Four Questions with Elana Gomel
Tamika Thompson: What is horror?
Elana Gomel: Horror is life illuminated by the imagination. When people ask me how I can watch horror movies to relax, I ask: “How can you watch TV news and go to sleep?” We live in the world of wars, violence, inequality, and discrimination. We can either avert our eyes from the darkness that surrounds us, or we can look straight into it and try to understand where it comes from and how to make it just a little bit lighter. My favorite line in Shakespeare is from his play Tempest in which Prospero says: “This thing of darkness I acknowledge mine.” Horror for me is acknowledging the darkness both inside and outside ourselves.
I prefer speculative horror: that is horror, with a fantastic element, be it supernatural, weird, or sci-fi. I am not into slashers or true-life atrocities. Fantasy spices fear with wonder. The English language has many words to describe shades of fear: horror, terror, dread, fright, and awe. Fictional horror has to have an element of awe to be effective. Most familiar figures of horror—vampires, ghosts, monsters—originate in myths and fairy tales. And fairy tales are always about discovering and facing the unknown. In my own writing, I try to recreate the experience of enchantment mixed with terror that all good fairy tales (not the expurgated Disney versions) have offered their audience, both young and old, throughout the ages.
Thompson: What is the spookiest experience you’ve ever had?
Gomel: As a child, I was afraid of monsters lurking outside in the night. I grew up in a big city, and always felt safe and protected surrounded by people, streetlights, and the noise of traffic. It was nature that gave me the creeps. My family had a summer house and an orchard. When we stayed there, I would wake up in the middle of the night and hear soft footsteps that circled our house over and over again. Now I am pretty sure it was a stray cat, but who knows? Anyway, I would lie in bed and imagine what kind of creature that was. A dinosaur? An alien? A vampire?
And the more I tried to give it a face and a name, the less afraid I was. Once a monster became a character in my story, I had power over it. I have never forgotten this childhood experience—in fact, my forthcoming novella Embedding is based on it. Telling a story about our fears, nightmares and insecurities is the only way to recover.
Thompson: What is the scariest book you’ve read and what about it frightened you?
Gomel: My husband makes fun of me because I read horror novels and watch horror movies to help me unwind. I am very aware of the distinction between reality and fiction. As much as I enjoy the company of monsters, I know they only exist in my imagination, and in the imagination of the author. But there is one horror novel that really scared me, though not for the reason the author probably intended. It is called No One Gets Out Alive by the British writer Adam Nevill (it was also made into a movie, but I haven’t seen it). The novel has a supernatural creature, and I breathed a sigh of relief when it finally appeared. Until then, the novel was a realistic depiction of the struggles of an impoverished young woman in the streets of London. She loses her job and has to rent a room from a violent landlord because she has nowhere to go. It was so dismal, so hopeless, and so true to life that the fantasy element became a real comfort to the reader. All monsters are metaphors for the things that are too depressing to see as they are.

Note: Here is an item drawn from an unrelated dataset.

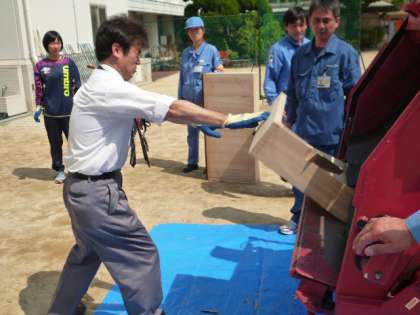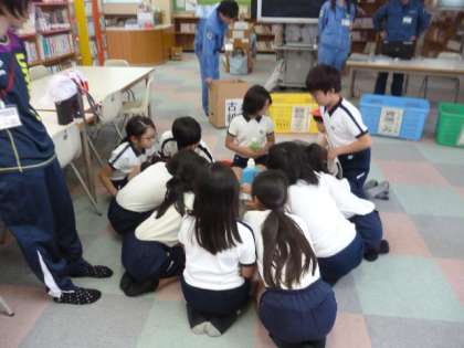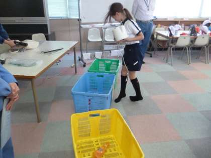 3時間目は、図書室でごみの分別のお話を聞き、実際に分別を体験しました。2時間、あっという間に過ぎました。実際に目の前で見るパッカー車の威力はすごいもので、大きな家具を一瞬で粉々にしてしまいます。ごみ回収はとても危険を伴うということ、安全に回収するために、収集される方は服装や靴など、いろいろな工夫をされていることがよくわかりました。またごみを出す人も、分別することを心がけ、9時までには出すようにするなど、気をつけることを学びました。、

Thompson: I love the tagline for Nightwood: “All fairy tales were history once.” What do you hope the reader will learn about fairy tales from your novel?
Hansel and Gretel were abandoned by their actual parents because the family was starving. Sleeping Beauty was raped, not kissed, and only woke up when she gave birth. Beauty and the Beast goes back to a bawdy Roman tale about Eros and his bride. Fairy tales are very old. They were the sole entertainment of the poor in the ages when hard labor and early death were the only things they could look forward to. Fairy tales reflect the indomitable spirit of the common people who managed to survive various disasters that history threw at them and to transmute pain into poetry. This is why I believe fairy tales are the origin of all horror. In Nightwood, as in the novel I am writing now provisionally called Nine Levels, I want to recreate the spirit of traditional fairy tales but without the obligatory “happy ending” of Disney. The real happy ending is to survive and to go on, fighting monsters, encountering marvels, and knowing that at the end darkness will get you—but not before you stare it down.
Born in Ukraine and currently residing in California, Elana Gomel is an academic with a long list of books and articles, an award-winning writer, and a professional nomad. She has taught and researched in Israel, Italy, and the US, and is known in the academy for her (purely theoretical) interest in serial killers, alien invasions, and rebellious AIs. She is the editor of the upcoming Palgrave Handbook of Global Fantasy. She is also the author of more than a hundred stories, several novellas, and six novels of dark fantasy and dark science fiction. Several of her stories appeared in Best of the Year anthologies. Her most recent fiction publications are Nightwood, a novel of monsters, marriage, and exile, and the collection My Lady of Plagues and Other Gothic Fairy Tales. She is a member of HWA and other professional societies.